Resource Pool and vApp Performance (VMware only)

The Resource Pool Performance and vApp Performance monitors can trigger alerts on metrics collected through vSync.

Resource Pool Performance and vApp Performance Monitor Metrics

The following VM metric types for resource pool and vApp performance can be used to configure thresholds in Uptime Infrastructure Monitor :

Time Interval	A positive integer indicating the number of minutes’ worth of performance data samples to average, then compare against threshold definitions (default: 30).
Number of Running VMs: warning threshold and critical threshold	Warning- and critical-level thresholds can be set, using positive integers, for the average number of VMs powered on during the time interval.
CPU Consumed: warning threshold and critical threshold	Warning- and critical-level thresholds can be set, using positive integers, for the total percentage of CPU cycles consumed by VMs belonging to this resource pool or vApp.
Memory Consumed: warning threshold and critical threshold	Warning- and critical-level thresholds can be set, using positive integers, for the total percentage of memory consumed by VMs belonging to this resource pool or vApp.

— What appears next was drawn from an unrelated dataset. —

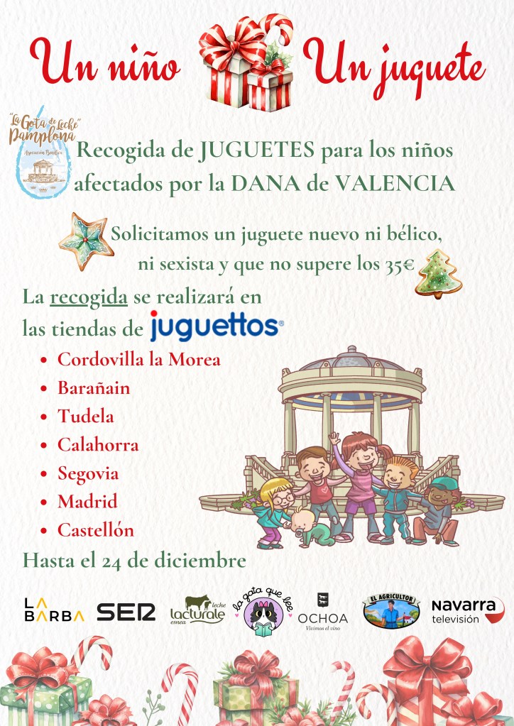 Los representantes de La gota de leche de Pamplona afirman: «Nos quedamos con la imagen de un niño que nos despidió de Catarroja y que nos motivó a hacer nuestro siguiente proyecto, que es la recogida de juguetes para los niños afectados por la DANA. Gracias a la colaboración de la juguetería Juguettos se va a realizar una recogida de juguetes en sus tiendas de Cordovilla la Morea, Barañain, Tudela, Calahorra, Segovia, Madrid y Castellón. Gracias a creer en nosotros y nuestro proyecto, y en colaboración con Pajes Mágicos, vamos a llenar de alegría e ilusión las calles». La recogida de juguetes ya ha comenzado y estará abierta hasta el 24 de diciembre.

Configuring Resource Pool Performance or vApp Performance Monitors

To configure a Resource Pool Performance or vApp Performance monitor, do the following:

On the Infrastructure tree, click Add Service Monitor.
In the VM Monitors section, click the name of the monitor you want to configure, and then click Continue.
Complete the monitor information fields.
See Monitor Identification for more information on configuring service monitor information fields.
In the Resource Pool Performance Settings or vApp Performance Settings section, configure the monitor’s warning- and critical-level threshold values:
- Time Interval
- Number of Running VMs
- CPU Consumed
- Memory Consumed
  For more information on these metrics, see Resource Pool Performance and vApp Performance Monitor Metrics.
  For more information about setting thresholds and response time, see Configuring Warning and Critical Thresholds.
Complete the following settings:
- Timing Settings (see Adding Monitor Timing Settings Information for more information)
- Alert Settings (see Monitor Alert Settings for more information)
- Monitoring Period settings (see Monitor Timing Settings for more information)
- Alert Profile settings (see Alert Profiles for more information)
- Action Profile settings (see Action Profiles for more information)
Click Finish.

VM Performance

The VM Host Performance Check and VM Instance Performance monitors can trigger alerts on metrics collected through Sync or vSync.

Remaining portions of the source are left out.